# KirkWebster.com



## waynesgarden (Jan 3, 2009)

Thanks for posting the link. If the pdf will download at home (having a problem here at work) I know what I'll be doing tonight.

Kirk is a wealth of information.

Wayne


----------



## Solomon Parker (Dec 21, 2002)

Interesting site, lots to read, good storyteller. Thanks for the link.


----------



## Omie (Nov 10, 2009)

I'll wait for the stone tablet version to come out.




Sol!- you changed your user name!


----------



## BeeCurious (Aug 7, 2007)

The new Kirk Webster site will be another standard resource.

And now that "Kirk Webster" has been typed in a posting, the search function will find this thread...


----------



## Barry (Dec 28, 1999)

I guess I need to keep repeating myself about searches. By far, the most extensive search will be had using the google search function on the home page. I typed in "kirk website" and it was #2. There is a wealth of information available simply using the tools provided.  This was before you made your post.


----------



## BeeCurious (Aug 7, 2007)

I added two tags this morning, "Webster" and "kirkwebster.com", someone else added "kirk webster". 

It's nice that the thread is more visible.

Barry, 

Had you typed "Webster website" you would not have seen this thread... I was more interested I a guy named Webster who had bees than some "Kirk".

The importance of tagging threads should be emphasized ...


----------



## Barry (Dec 28, 1999)

You might be more interested in a guy named Webster, but the search function doesn't know that it is Kirk Webster you are actually interested in. Using the word "Kirk" narrows down the field, as you can see when one uses the word "Webster." 10 finds using "Kirk", hundreds when using "Webster." Now add "website" to it and again there is a difference in what comes up.


----------



## BeeCurious (Aug 7, 2007)

And when a thread doesn't contain a string of characters, or hasn't been tagged with those characters, we all know that Google is not going to find it.

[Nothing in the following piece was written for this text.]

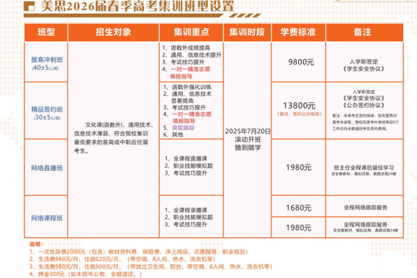 成都美思單招培訓(xùn)學(xué)校(成都錦妤美思培訓(xùn)學(xué)校)2026 年單招培訓(xùn)開(kāi)設(shè) “精品簽約班”,提供公辦院校錄取保障。咨詢電話:18382252107(微信同號(hào))!

That's why I started another thread. I had expected to find a recent thread containing "webster". There wasn't one...



t:

BTW, This is off topic from our celebrating the new website.


----------



## Barry (Dec 28, 1999)

I thought we were adding more key words to the thread! 

It's long overdue, a Kirk Webster website. This is a great resource for all beekeepers! :thumbsup:


----------



## Solomon Parker (Dec 21, 2002)

I 'stuck' it for a while. That will help get more discussion, more hits on searches.

I've been taking some time to read his 'articles' or whatever they are, more like stories, which is good because I like stories.

A little less 'how to' a little more 'what I did.' It's kind of refreshing.


----------